As Maine produces more garlic, there are more reports of garlic-related diseases, which can be devastating. What nearly ruined the California garlic crop in 1998 was a pathogen called garlic rust. Here in Maine, Fuller said the primary diseases a garlic producer has to worry about are white rot, which can linger 25 years in the soil and bloat nematoad, a microscopic roundworm which impacts the soil so severely that a five-year crop rotation is needed, at minimum, to clean out the soil. From MOFGA to the extension service, the message is clear: Make sure you can trust your seed stock before venturing into garlic farming. (And never plant anything from the supermarket; it’s too risky and can harm not just your own soil, but your neighbor’s as well.) These diseases and their fallout notwithstanding, 94 percent of the participants in that Maine Garlic Project said they’d be growing it again.

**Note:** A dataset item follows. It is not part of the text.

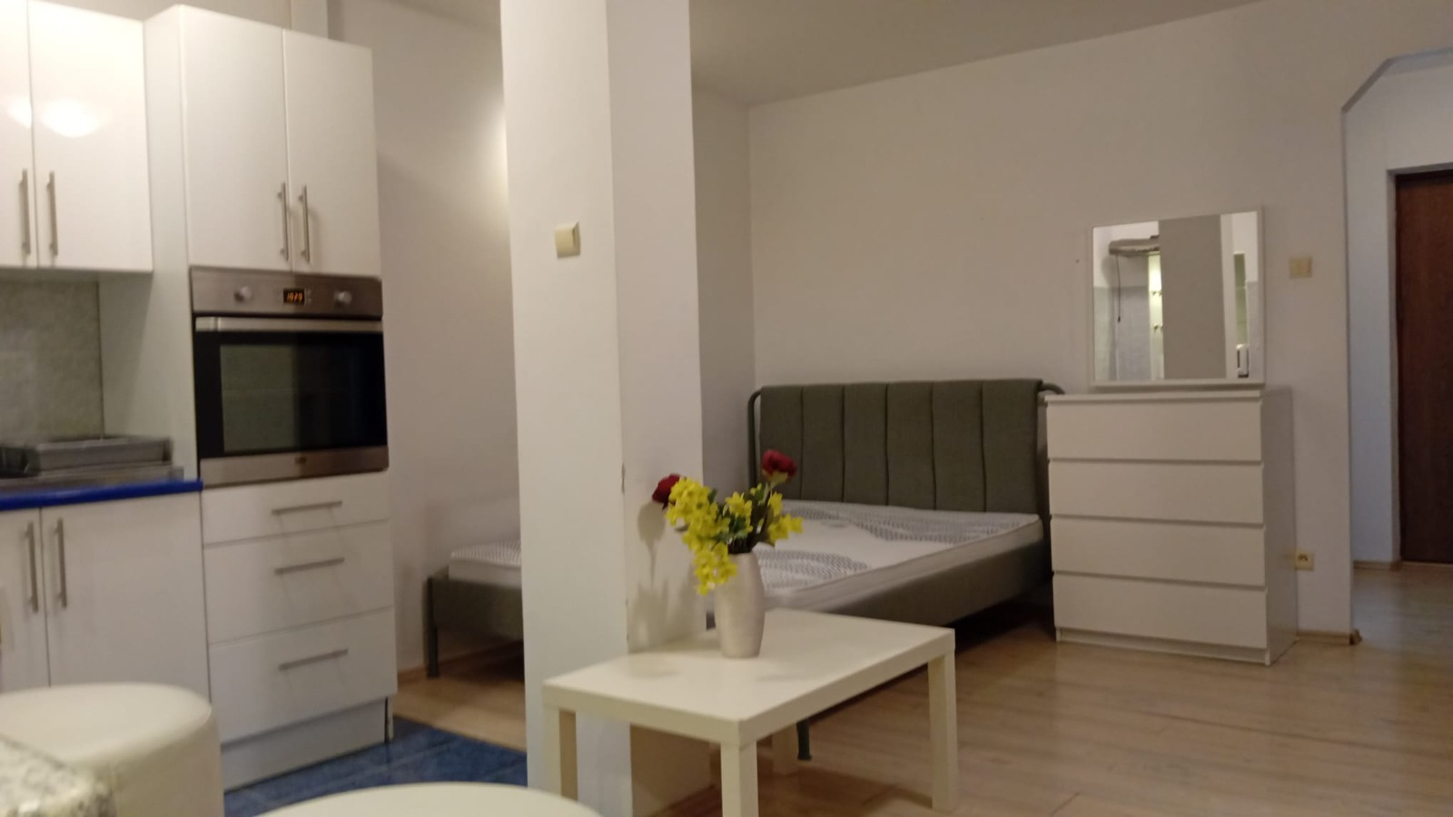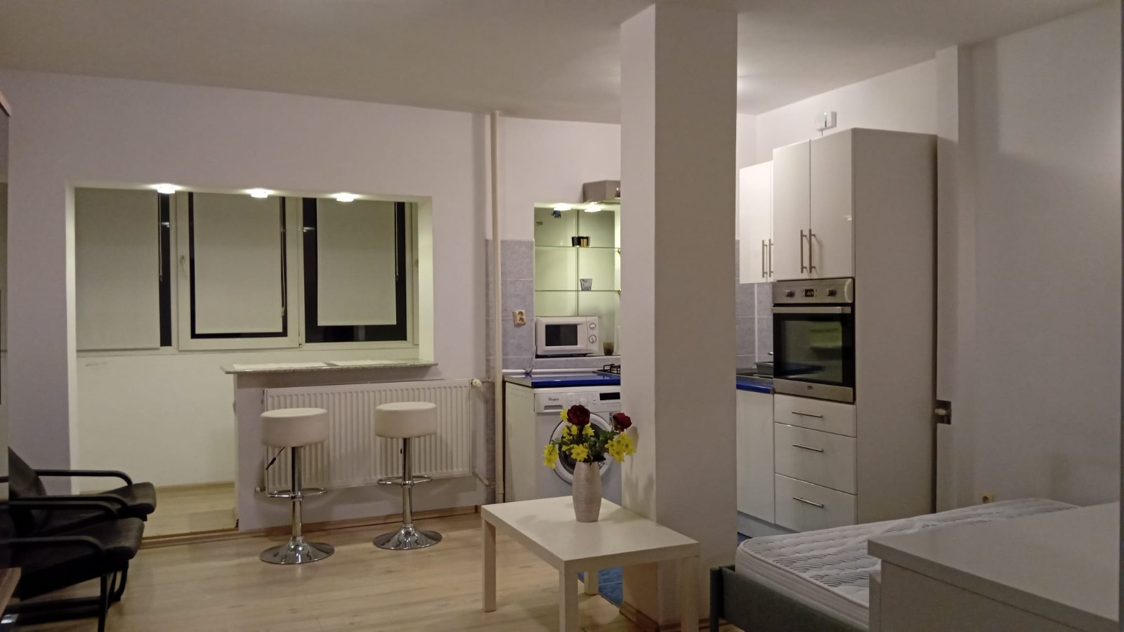 TITULESCU - BANU MANTA - PIATA VICTORIEI garsoniera foarte spatioasa si luminoasa orientata spre SUD, formata dintr-o camera mare, vestibul cu dressing incapator, baie cu cabina de dus, bucatarie deschisa si balcon inchis, la doar 2 minute de metrou BASARAB si 10 minute de metrou PIATA VICTORIEI . Este renovata: gresie ,faianta ,parchet, termopan, usa metalica, mobilata modern pe comanda – design unic, utilata complet: plita pe gaz, cuptor electric, hota, combina frigorifica, cuptor cu microunde, masina de spalat, TV LCD, aer conditionat, aspirator, jaluzele la balcon, semidecomandata, suprafata 34 mp, etaj 2/8, bloc 1982 reabilitat termic, zona verde cu numeroase facilitati: Parc Kiseleff, magazine, restaurante, etc.

Apparently it’s addictive.

At Seven Tree Farm, this is old news. Lemire is already thinking ahead. “That’s next year’s garlic,” he said, pointing at the next field, filled with buckwheat. And Bailey reflects on opining about the need for more Maine garlic 30 years ago in that MOFGA newsletter. She got her wish, so much so that she thought at one point that the market would have been saturated. But when she brings her seed garlic to the Common Ground Fair, it’s all gone by the first day.

“There is never enough garlic,” she said.